Вновь взвивается над Авенидой пронзительный свист Зеки. И еще громче подхватывают «академики» горячий ритм батареи. С неба посыпались листовки. Это сюрприз «Санта-Марты»: она отпечатала текст своей самбы, наняла вертолет, который разбрасывает листовки по всему городу. И вот уже вся Авенида, весь Рио превращается в миллионный хор, повергающий в экстаз и ужас уцелевших на своей архибанкаде грингос. Весь город подхватывает слова самбы, которую поют Силвия с Терезиньей, и Зека, дирижирующий батареей, и маленький философ Эскуриньо, выписывающий своими черными ногами какие-то немыслимые вензеля, и Дамиан, толкающий тележку с изображением императорского дворца в саду Боа-Виста (на что еще может пригодиться этот дряхлый старик, которого все-таки жалко оставить дома!), и дона Мария, уже очнувшаяся в тени и со слезами на глазах следящая, как самая великая, любимая, родная школа впервые за тридцать шесть последних лет проходит по Авениде без доны Марии…

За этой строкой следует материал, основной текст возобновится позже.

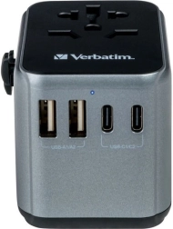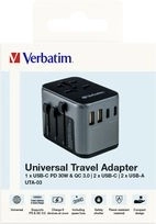 Adapter podróżny VERBATIM UTA-03 to inteligentne rozwiązanie do zasilania w ponad 180 krajach. Oferuje ładowanie 6 w 1 przez gniazdo AC, 3× USB‑C i 2× USB‑A, obsługuje Power Delivery 30 W oraz Quick Charge 3.0 dla superszybkiego ładowania. Kompaktowy, bezpieczny i idealny do laptopów, telefonów oraz akcesoriów.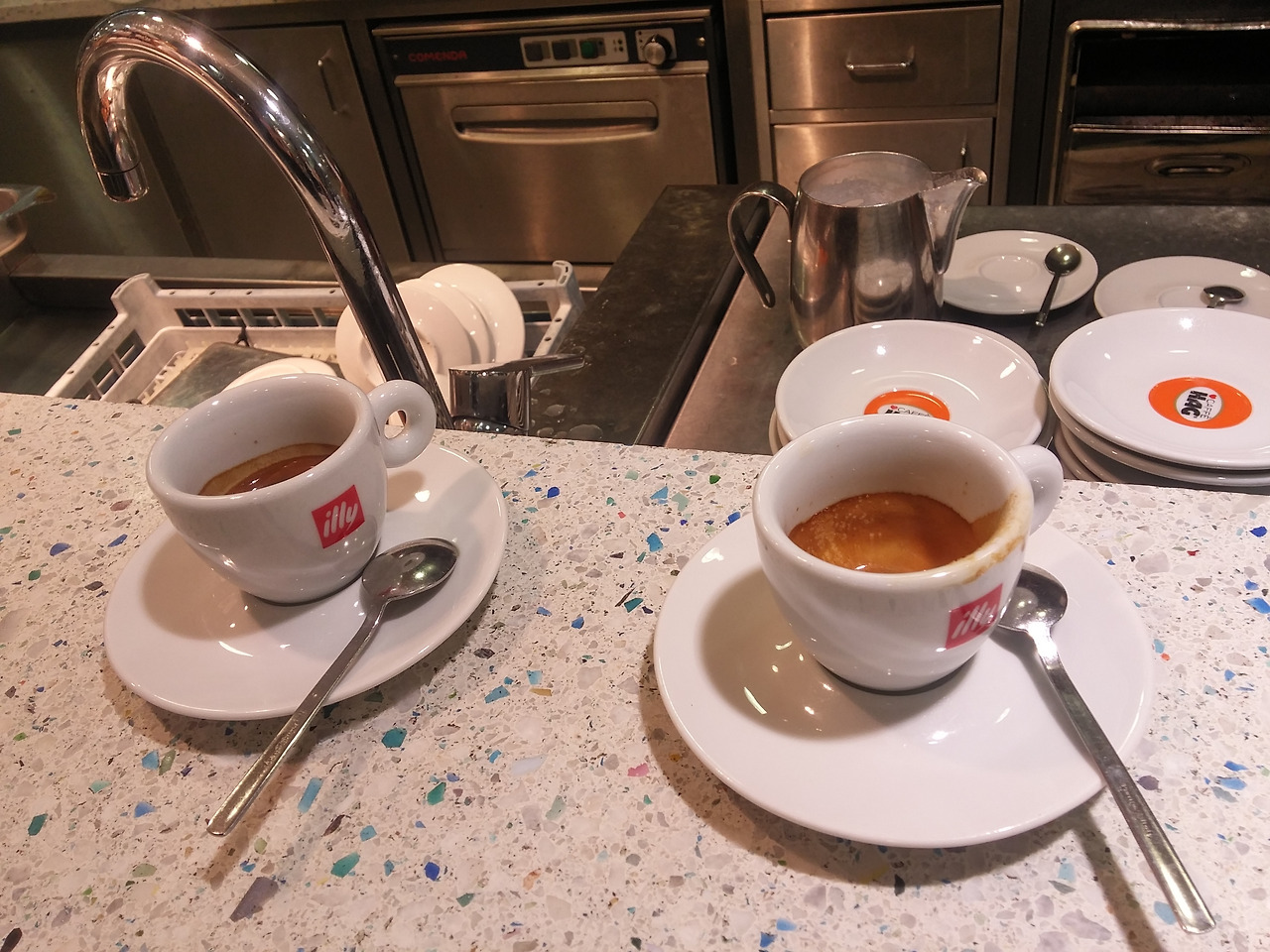 기억에 남는 것은 유럽 쪽은 공공화장실 개념이 없어서 유료로 사용하거나 카페 화장실을 이용해야 한다는 점이다. 카페 화장실을 이용하려면 커피 한 잔을 마셔야 하는데 1~2천 원 정도만 내면 에스프레소를 마실 수 있다. 에스프레소를 마시는 방법은 설탕을 한스푼 넣고 섞지 않은 채 마시는 것이다. 그러면 쌉싸름한 에스프레소 끝에 달달함으로 마무리 된다.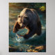 Um urso majestoso está captando habilmente um peixe em uma região de rio sereno. Os ursos, poderoso movimento e foco intenso são capturados nesta pintura dinâmica.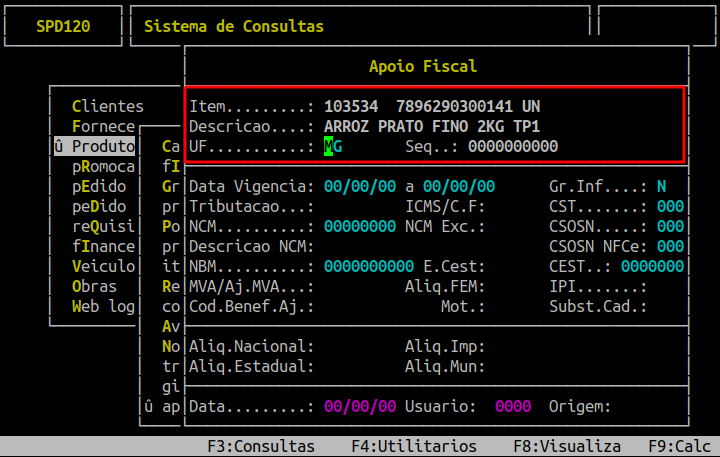 Ao acessar a rotina Apoio Fiscal, informe no campo Item o código interno do produto (com o dígito verificador) e pressione a tecla Enter. Se desejar informar a descrição do produto, pressione a tecla Enter ou a tecla F2 para visualizar as opções cadastradas no sistema, ou se desejar informar o EAN, pressione outro Enter.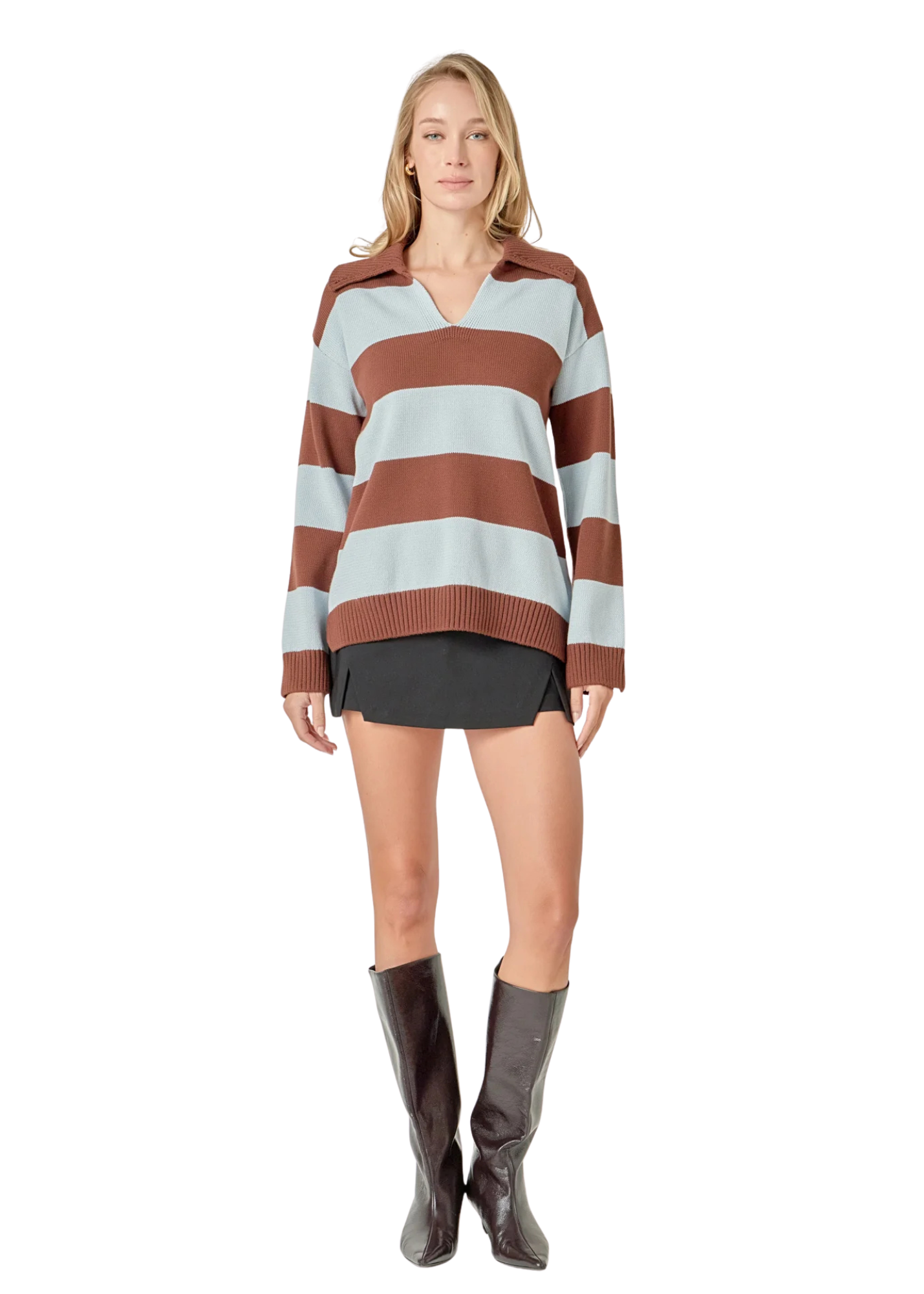 Stripe Rugby Collared Sweater

Все они — и плачущая дона Мария, и забывшаяся в вихре самбы Силвия, и маленькая Терезинья, и окаменевший против губернаторской ложи Флавио, и неутомимый Эскуриньо, и Старый Педро, придерживающий предательски сползающее полотенце, и свирепо грозящий кулаком какому-то сбившемуся с ритма тамборину Зека, и Дамиан, цепляющийся, чтобы не упасть, за тележку, и все остальные «академики» и болельщики «Санта-Марты» весь год ждали этого часа, как полумертвый от вечного голода батрак всегда засушливого штата Пиауи ждет редкого и скудного дождя. Да что там ждали! Они жили мечтой о победе. Они готовились к ней, как девушка готовится к свадьбе, как футболист готовится к финальному матчу на Кубок мира, музыкант — к премьере, рыбак Сеары — к приходу рыбы. Они по сентаво откладывали свои скудные монеты в сундуки и копилки, чтобы в этот день их карнавальные костюмы — «фантазии» не уступали нарядам других школ. Трижды в неделю после тяжелого трудового дня, после гор выстиранного белья, после километров выметенных улиц и вымытых полов, после тонн грузов, перенесенных на изломанных усталостью спинах, они приходили на репетиционную куадру — площадку у подножия своей фавелы, и репетировали, пели, танцевали до рассвета, когда, наскоро выпив кофе, нужно было снова уходить: женщинам — к новым горам белья, мужчинам — к вновь грязным мостовым и тротуарам, в портовые склады, на бензоколонки, в гаражи, мастерские и заводские цеха. Год страданий и надежд, которые перечеркнула неожиданная болезнь Дудуки.